**The problem:**
Copy out, exactly and with nothing else, the stretch of lines that starts at the line containing "Figure 16: Section" and finishes at the end of the data.

Dataset excerpts:

§ §

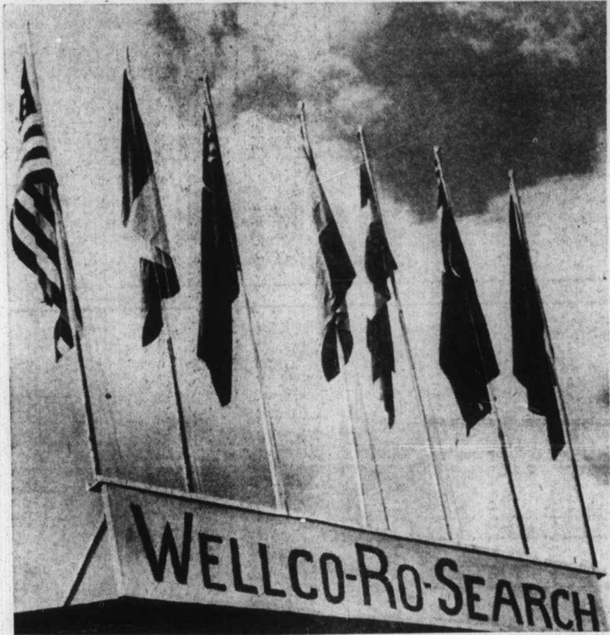
FLAGS OF MANY NATIONS represent the 60 countries throughout the world which are affiliated with Hazelwood's Wellco Shoe Corporation and Wellco Ro-Search.

OUR TOWN DOES NOT HAVE THAT "OLD-FASHIONED" LOOK!
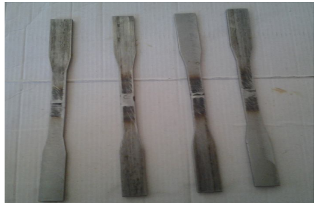
Figure – 6 : Specimen before fatigue failure

ASTM E399, E647, B645, E1820, ISO 12737, 12108, 12135
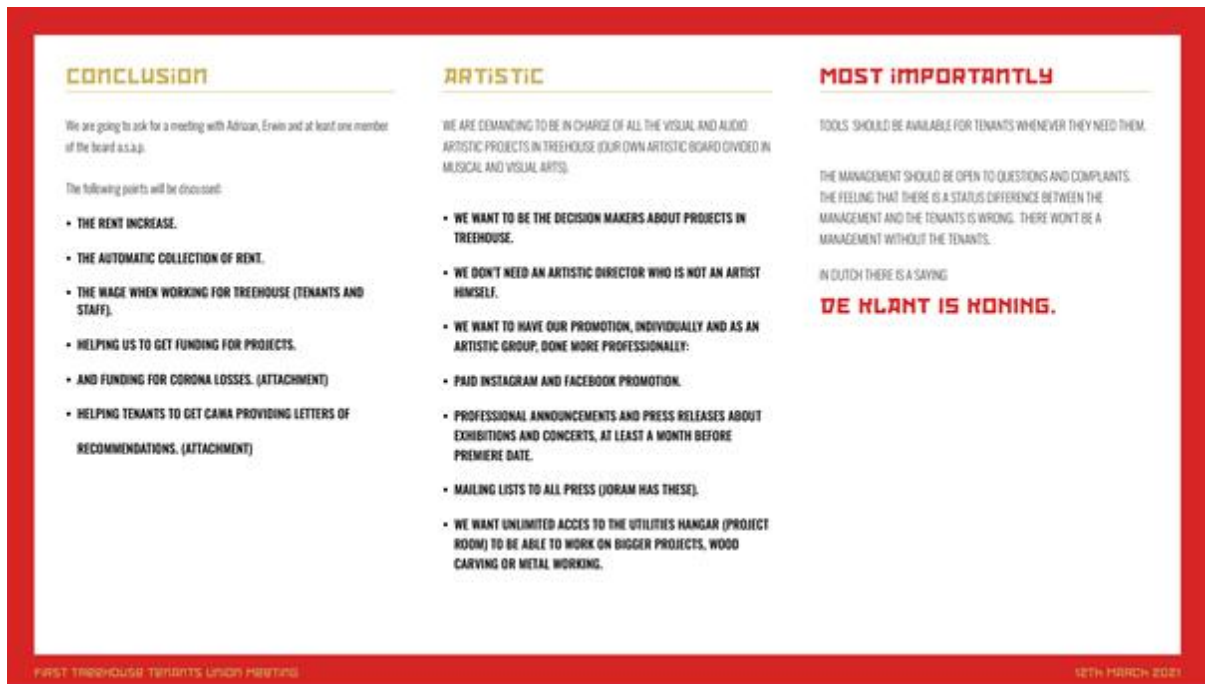
Figure 16: Section from the flyer: “12 March 2021: First Treehouse Tenants Union Meeting”.

Since I have not worked out the role of community so well with the other artists, I will come back to it later in this article, but not in this specific way. In the next section I would like to explore the concepts artistic practice and artistic intentionality and the role of artists.

§ §

**Finished task:**
Figure 16: Section from the flyer: “12 March 2021: First Treehouse Tenants Union Meeting”.

Since I have not worked out the role of community so well with the other artists, I will come back to it later in this article, but not in this specific way. In the next section I would like to explore the concepts artistic practice and artistic intentionality and the role of artists.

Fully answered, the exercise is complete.